## EXERCISE MATERIALS
+===+
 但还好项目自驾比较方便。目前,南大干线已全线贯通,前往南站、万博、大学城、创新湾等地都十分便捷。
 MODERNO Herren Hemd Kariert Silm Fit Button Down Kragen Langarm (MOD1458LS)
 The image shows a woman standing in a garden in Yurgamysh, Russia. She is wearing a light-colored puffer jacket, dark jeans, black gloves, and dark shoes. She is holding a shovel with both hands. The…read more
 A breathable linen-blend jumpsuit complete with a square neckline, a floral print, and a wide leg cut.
+===+
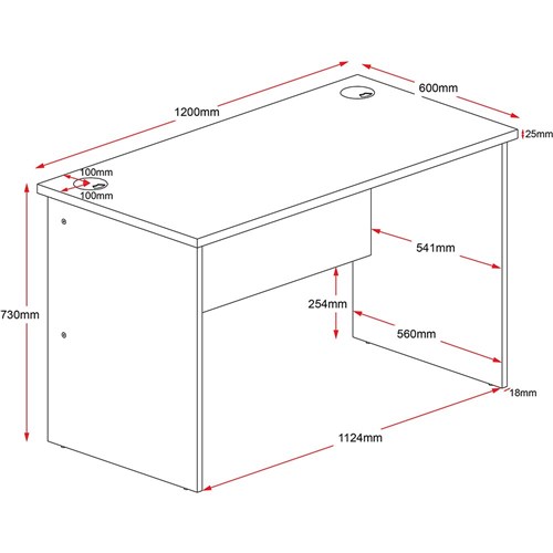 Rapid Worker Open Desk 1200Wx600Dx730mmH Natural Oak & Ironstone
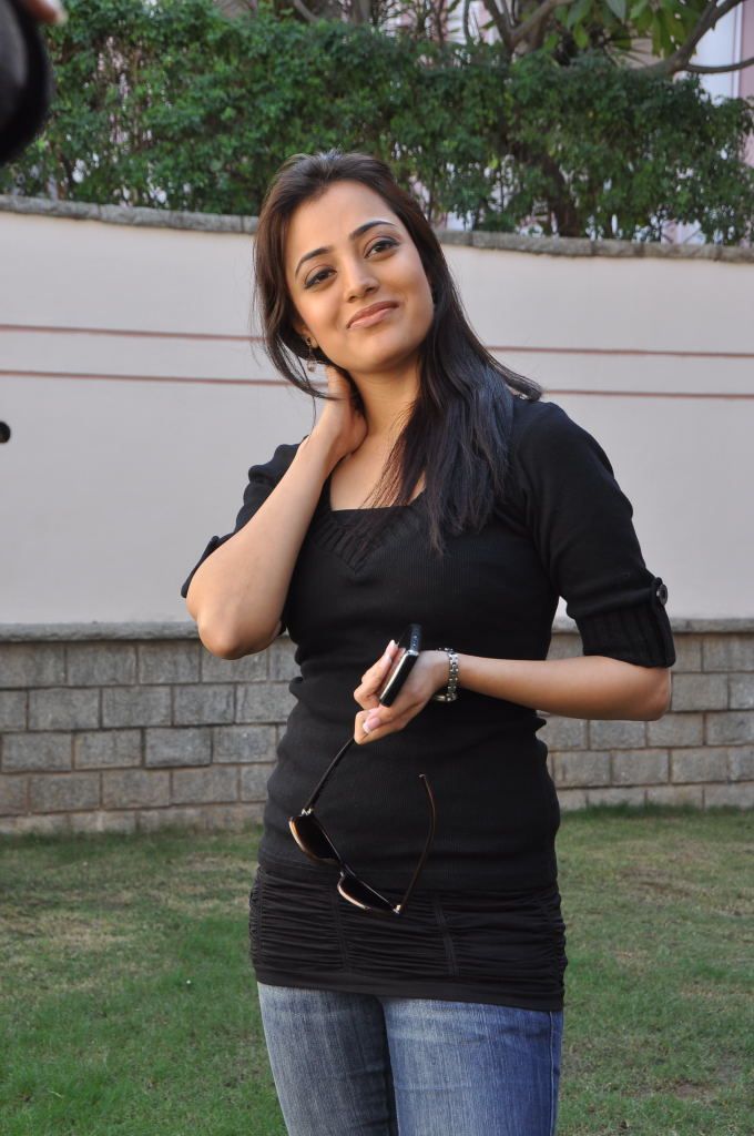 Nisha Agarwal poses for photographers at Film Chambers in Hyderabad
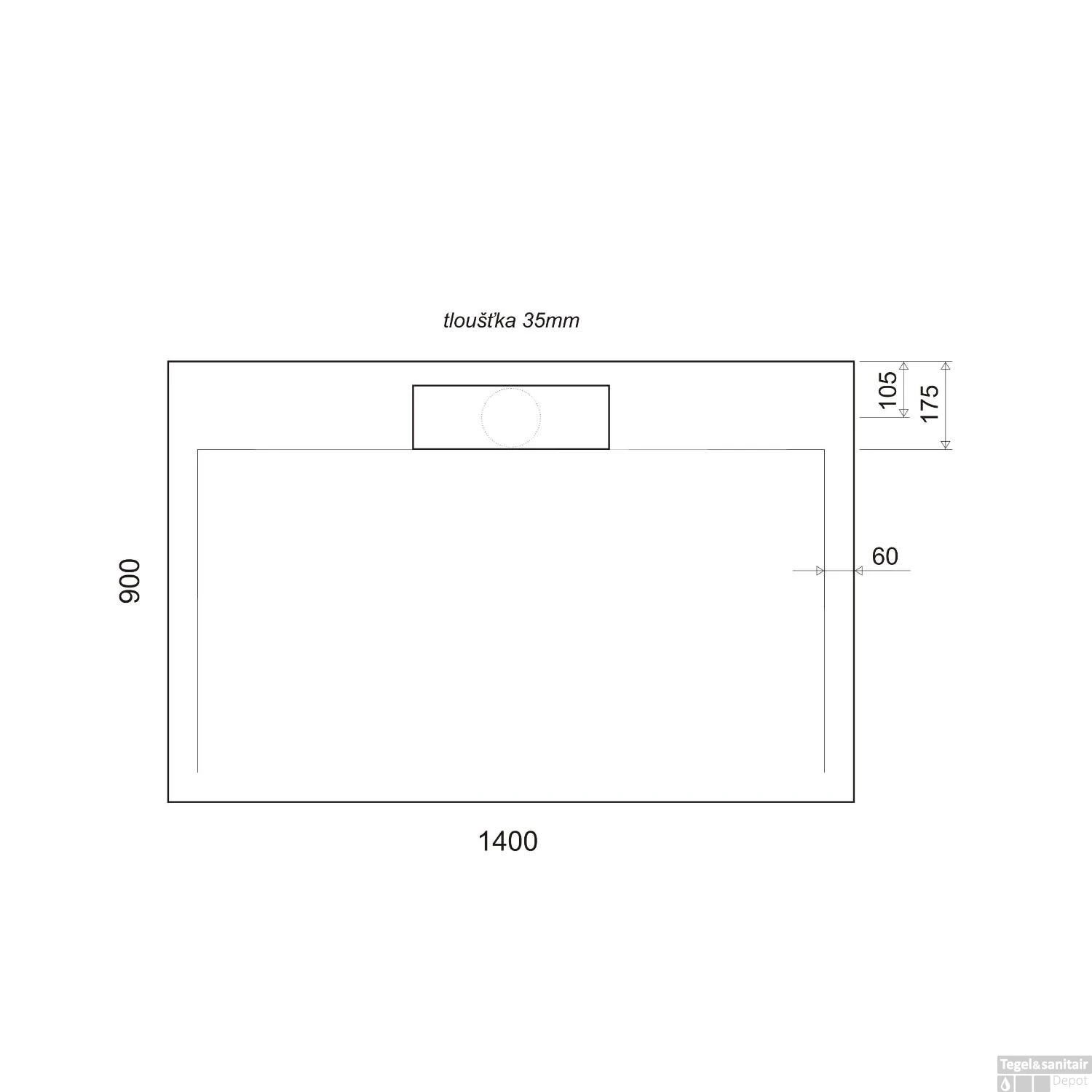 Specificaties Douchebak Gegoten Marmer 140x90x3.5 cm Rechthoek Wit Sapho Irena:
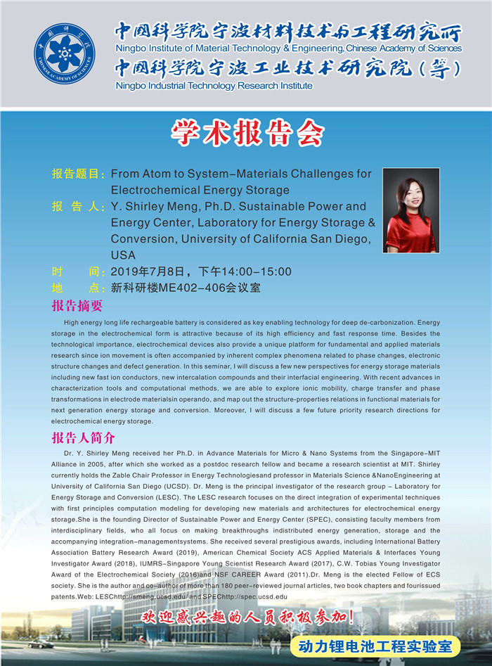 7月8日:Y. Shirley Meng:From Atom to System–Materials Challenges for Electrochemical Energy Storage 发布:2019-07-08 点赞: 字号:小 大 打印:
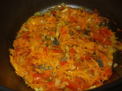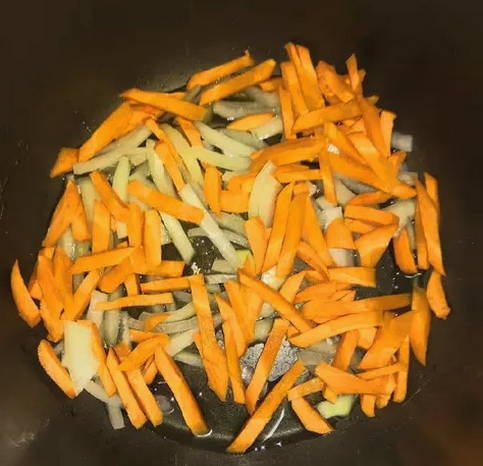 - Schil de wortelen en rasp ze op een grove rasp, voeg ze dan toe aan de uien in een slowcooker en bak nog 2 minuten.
+===+
## YOUR TASK
Scan the listing for the string "with". Copy each line that has it.

## ANSWER SPACE
 The image shows a woman standing in a garden in Yurgamysh, Russia. She is wearing a light-colored puffer jacket, dark jeans, black gloves, and dark shoes. She is holding a shovel with both hands. The…read more
 A breathable linen-blend jumpsuit complete with a square neckline, a floral print, and a wide leg cut.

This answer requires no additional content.